Today, tuberculosis (TB) has reached alarming proportions. An estimated 10 million people have developed TB in 2017 and 9% were people living with HIV (72% in Africa). There were an estimated 1.3 million TB deaths among HIV-negative people and an additional 300,000 deaths among HIV-positive people, as reported by the World Health Organization (WHO) in 2018. TB is poverty related with a major burden in the poor and developing parts of the world, and it is aggravated by the HIV-AIDS pandemic, which greatly increases the risk of the infection evolving into active TB disease.

HIV-AIDS is a major global public health issue. Between 2010 and 2016, new HIV infections fell by 11% in adults and 47% in children, and AIDS-related deaths fell by 48% since the peak in 2005. This achievement was the result of great efforts by national HIV programs supported by civil society and a range of development partners. However, sub-Saharan Africa accounted for 64% of new HIV infections in 2016, and, even though it is encouraging that 1.6 million people are currently receiving treatment in resource-poor settings, ensuring universal access to antiretroviral therapy still represents an enormous challenge. Thus, the development of effective, safe, and affordable vaccines against both diseases could have a tremendous impact on public health.

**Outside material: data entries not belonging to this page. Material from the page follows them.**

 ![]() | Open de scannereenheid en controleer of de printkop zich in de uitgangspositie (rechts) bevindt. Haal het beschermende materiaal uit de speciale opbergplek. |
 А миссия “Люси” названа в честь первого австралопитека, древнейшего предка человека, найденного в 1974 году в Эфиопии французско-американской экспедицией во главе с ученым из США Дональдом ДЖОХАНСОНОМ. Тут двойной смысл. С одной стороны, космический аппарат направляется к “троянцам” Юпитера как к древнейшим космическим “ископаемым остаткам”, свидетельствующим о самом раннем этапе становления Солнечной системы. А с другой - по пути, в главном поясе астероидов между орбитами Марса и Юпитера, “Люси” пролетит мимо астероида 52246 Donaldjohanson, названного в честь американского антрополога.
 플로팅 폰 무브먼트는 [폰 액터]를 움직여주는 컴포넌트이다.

The risk of active TB is estimated to be between 16 and 27 times greater in people living with HIV than among those without HIV infection. Mycobacterium bovis bacillus Calmette-Guérin (BCG) has been the only licensed vaccine against TB for more than 90 years, but the BCG-induced protective effects against pulmonary disease over all ages are variable.6, 7 Nevertheless, BCG vaccination has several beneficial effects: (1) BCG vaccination reduces rates of Mycobacterium tuberculosis (Mtb) infection, aiding in the decrease of the pool of latent infections from which future cases of active disease may arise; (2) BCG provides strong protection against disseminated forms of the disease in infants and young children;10, 11 (3) BCG revaccination of adolescents may provide additional benefits for the prevention of TB; and (4) BCG vaccination reduces all-cause mortality through beneficial non-specific (heterologous) effects on the immune system.13, 14 These four effects strengthen the motivation for the inclusion of BCG in the global vaccination program.

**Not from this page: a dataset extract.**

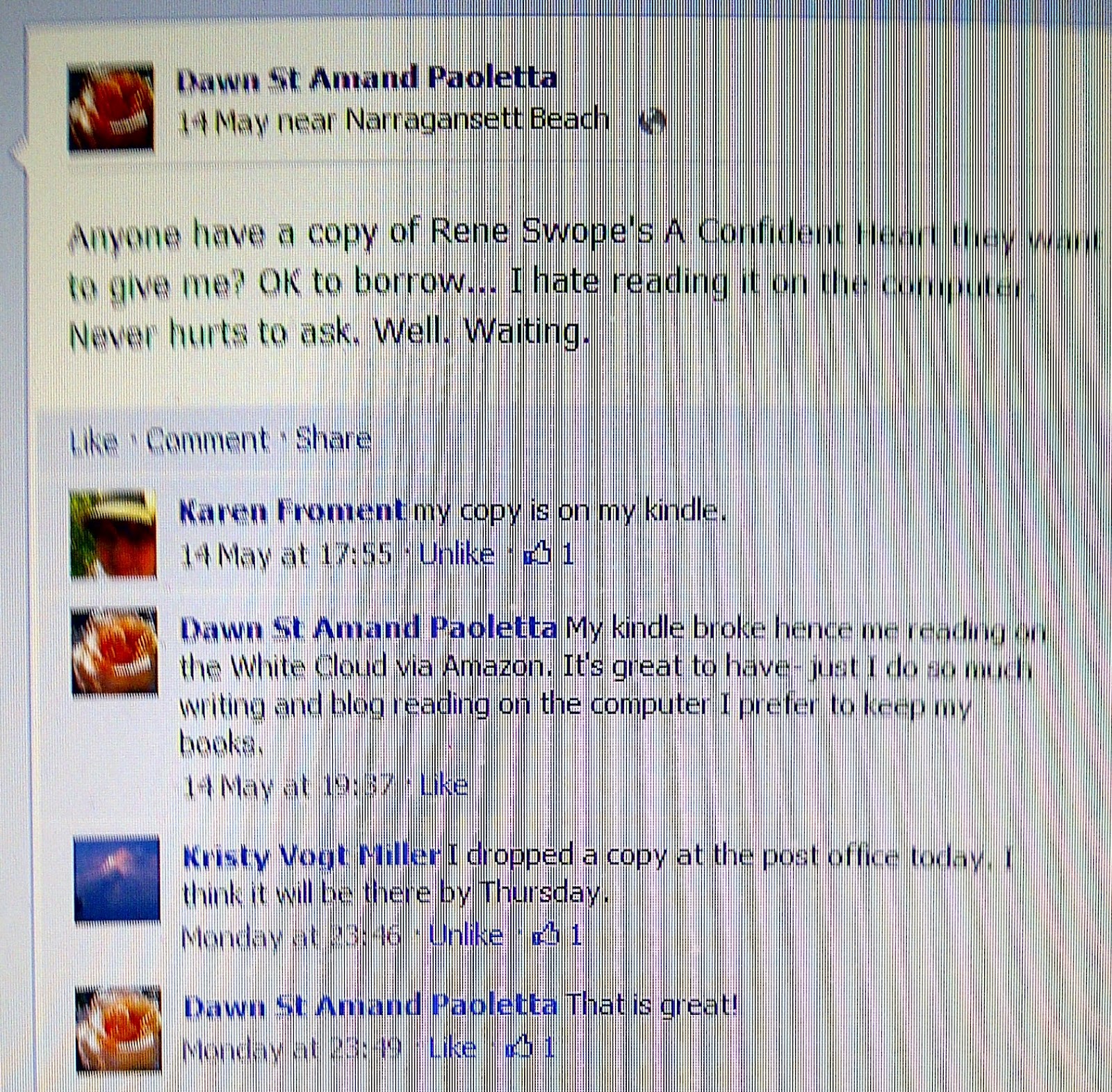 Then between all of my other commitments, obligations and job searching, interviewing, volunteering blogging, life, I got behind. The first week. What a loser, I thought …maybe I can catch up. But then I got discouraged because (here is where I feel like a brat) I loved what I read but I could not stand reading on the computer after I was done all of the other computer stuff…So I put forth on Facebook a random request…and let the thought of catching up be for another day.

We previously constructed and characterized MTBVAC, the first and only live-attenuated Mtb-based vaccine candidate in clinical development against TB disease in the pipeline. MTBVAC contains two independent deletions in the phoP and fadD26 genes without antibiotic resistance markers, and it fulfills the Geneva consensus requirements for progressing into clinical trials. The vaccine candidate MTBVAC was safe, and it conferred superior protection in different animal models compared to the licensed BCG reference strain in use today. To date, phase I trials in adults and neonates (ClinicalTrials.gov: NCT02013245 and NCT02729571) have been successfully completed, and phase II trials for dose definition, at birth and in adults with and without latent TB, are in progress (ClinicalTrials.gov: NCT02933281 and NCT03536117). Clinical results showed that MTBVAC was immunogenic, in a dose-dependent manner, and it had a similar safety profile as that of BCG.16, 17

It is well known that there is strong evidence in favor of a role for HIV-1-specific T cell responses in the control of HIV-1 replication.18, 19 One promising approach for T cell induction is M. bovis BCG as a bacterial live recombinant vaccine vehicle. Specific humoral and cellular immune responses against HIV-1 have been detected after immunization of mice with recombinant BCG (rBCG) expressing HIV-1 antigens.20, 21, 22, 23, 24 We previously developed several rBCG HIV-1 vaccine candidates with the aim of inducing protective cell-mediated responses. Confirming the efficacy of an HIV-1 vaccine candidate in humans is as of yet not possible in animal studies alone. Achieving protection against HIV infection in humans following active vaccination, and subsequently identifying the correlates of protection, would allow the validation of protection in animal models. Our aim is to induce a strong CD8+ T cell response capable of aiding and complementing the protective efficacy of antibody-based vaccines, while providing viral control in the case of an infection occurring.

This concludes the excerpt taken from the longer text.